• **EXERCISE DIRECTIONS**
Only the lines of the listing below that run from the line with "براد زجاج ومعدن باللون الذهبي مع مصفاه" through the line with "El mural compta" are to be set down, word for word. Pictures stay out.

• **RECORD EXTRACTS**
*** Block opens ***

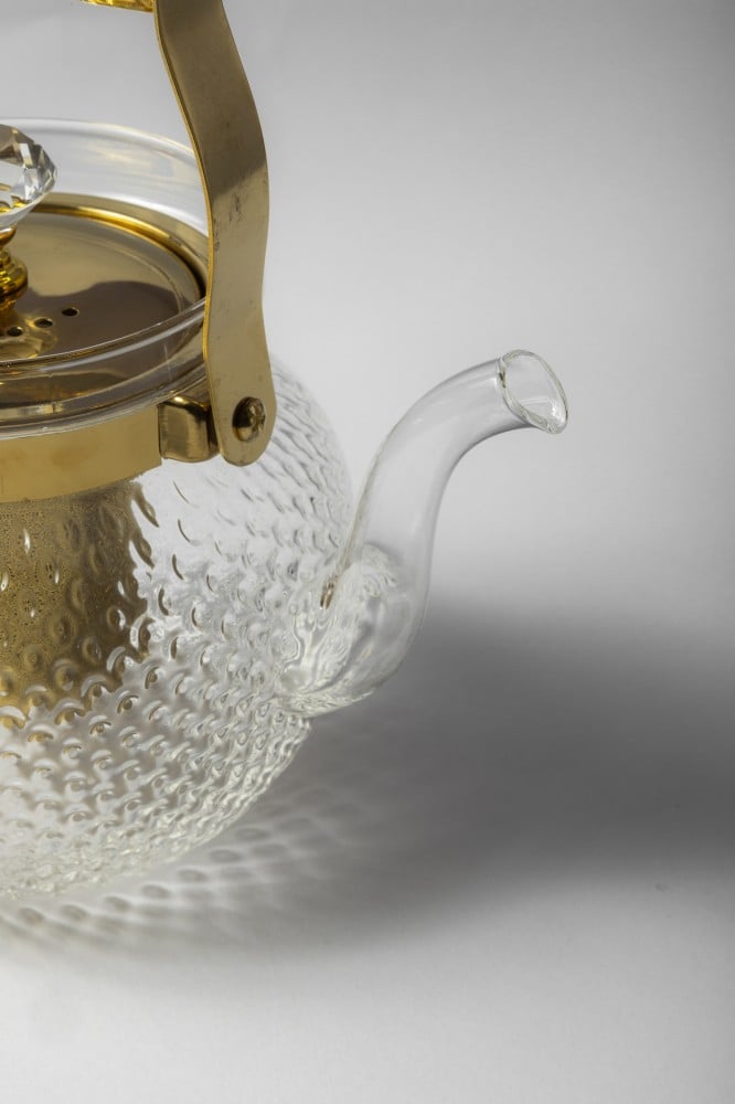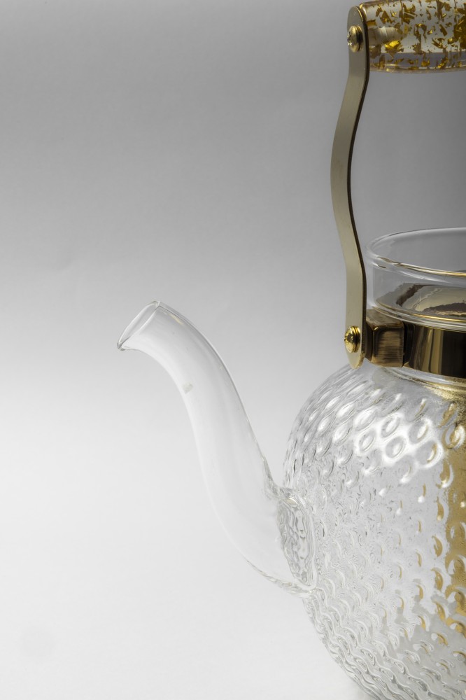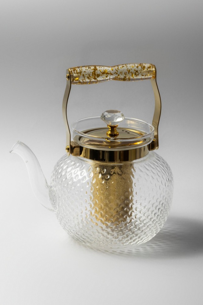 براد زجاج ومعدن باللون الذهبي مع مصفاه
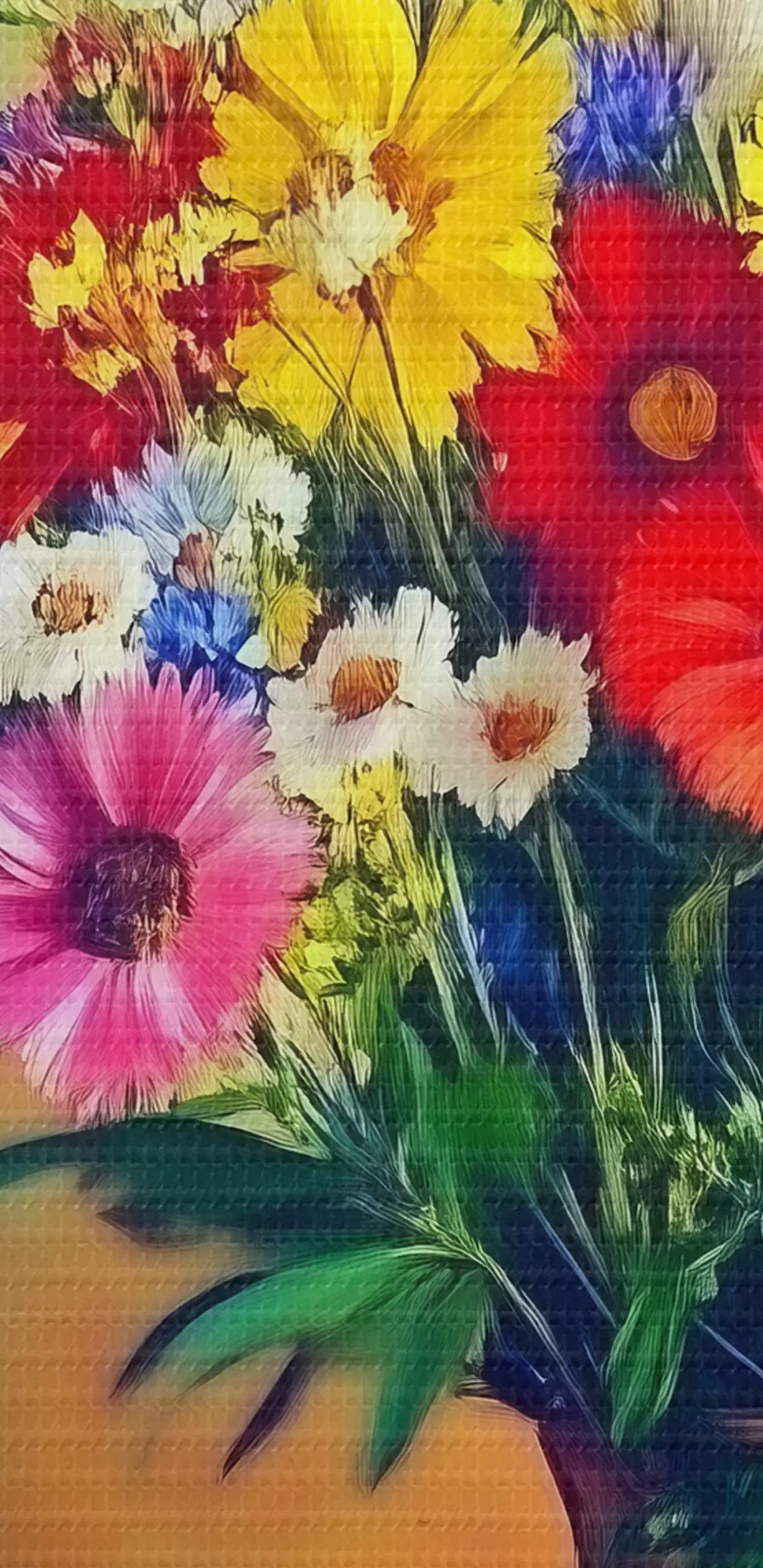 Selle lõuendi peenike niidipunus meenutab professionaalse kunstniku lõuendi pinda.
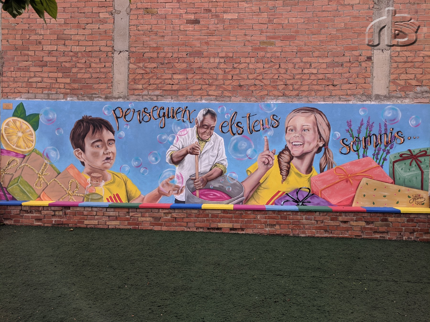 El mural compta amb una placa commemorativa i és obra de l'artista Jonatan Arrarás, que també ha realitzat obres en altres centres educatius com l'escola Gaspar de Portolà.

*** Block closes ***
*** Block opens ***

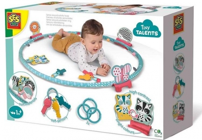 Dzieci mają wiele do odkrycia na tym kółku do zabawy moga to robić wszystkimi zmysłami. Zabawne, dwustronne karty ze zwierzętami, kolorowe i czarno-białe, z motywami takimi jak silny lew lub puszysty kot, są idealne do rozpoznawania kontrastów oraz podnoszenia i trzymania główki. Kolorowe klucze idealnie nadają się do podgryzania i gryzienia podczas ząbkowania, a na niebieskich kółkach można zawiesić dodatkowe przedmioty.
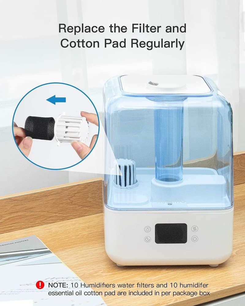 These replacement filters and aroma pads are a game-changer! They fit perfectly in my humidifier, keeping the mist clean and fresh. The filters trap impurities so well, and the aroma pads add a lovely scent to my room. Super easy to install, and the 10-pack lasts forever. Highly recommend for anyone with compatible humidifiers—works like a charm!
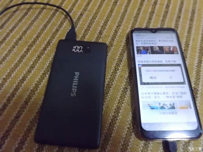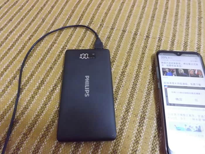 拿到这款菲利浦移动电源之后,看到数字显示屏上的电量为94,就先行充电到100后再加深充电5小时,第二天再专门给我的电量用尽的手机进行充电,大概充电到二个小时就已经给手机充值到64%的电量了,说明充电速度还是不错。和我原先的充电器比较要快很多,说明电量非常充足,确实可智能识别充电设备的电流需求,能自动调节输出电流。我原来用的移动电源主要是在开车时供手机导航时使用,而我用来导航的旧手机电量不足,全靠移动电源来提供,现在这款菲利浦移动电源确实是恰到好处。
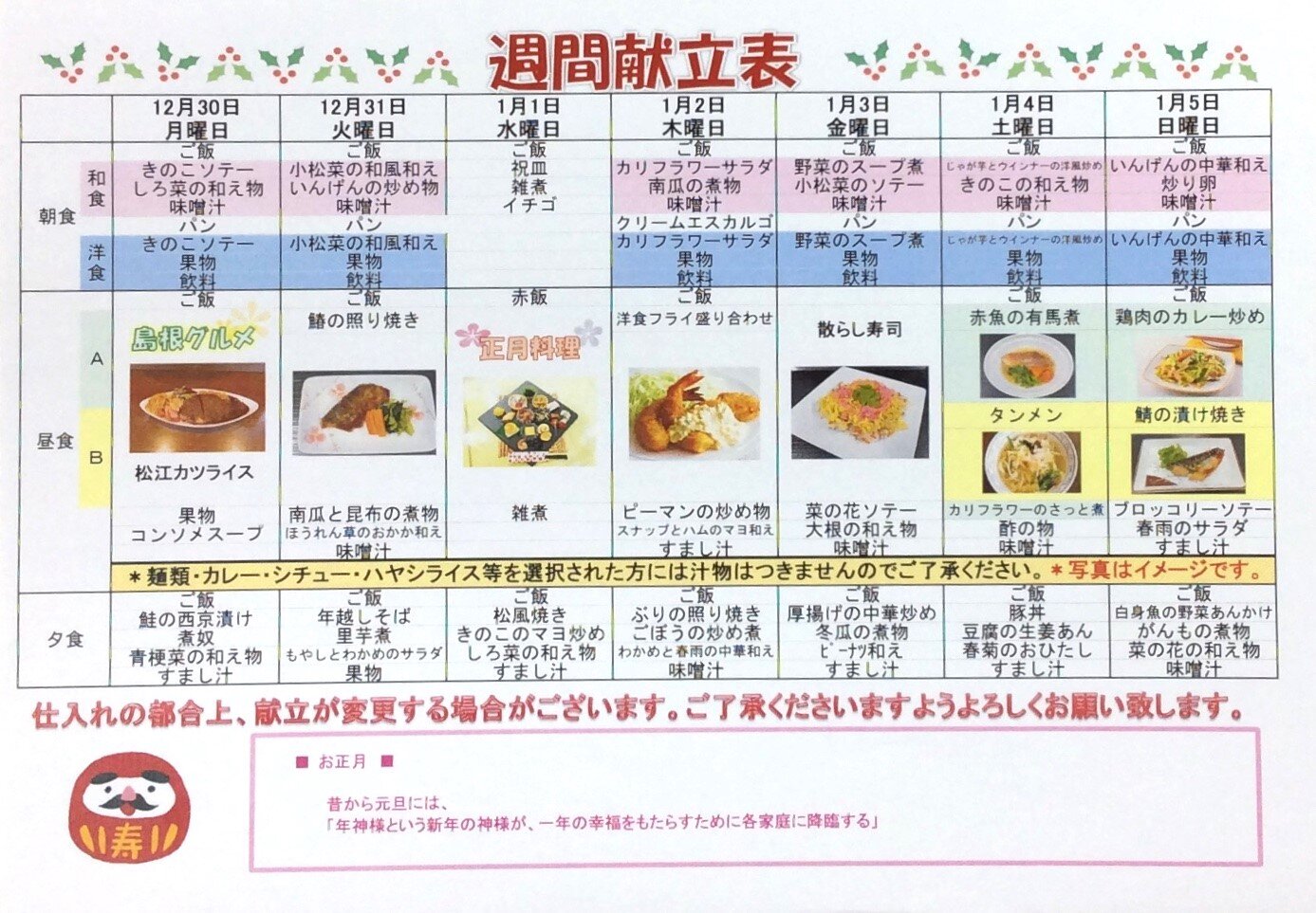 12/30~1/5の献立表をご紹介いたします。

*** Block closes ***
*** Block opens ***

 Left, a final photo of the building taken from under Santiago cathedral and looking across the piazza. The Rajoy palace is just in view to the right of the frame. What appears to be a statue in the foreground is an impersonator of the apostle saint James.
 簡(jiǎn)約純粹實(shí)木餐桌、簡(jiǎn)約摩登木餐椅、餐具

*** Block closes ***

• **OUTPUT FOR THIS TASK**
 براد زجاج ومعدن باللون الذهبي مع مصفاه
 Selle lõuendi peenike niidipunus meenutab professionaalse kunstniku lõuendi pinda.
 El mural compta amb una placa commemorativa i és obra de l'artista Jonatan Arrarás, que també ha realitzat obres en altres centres educatius com l'escola Gaspar de Portolà.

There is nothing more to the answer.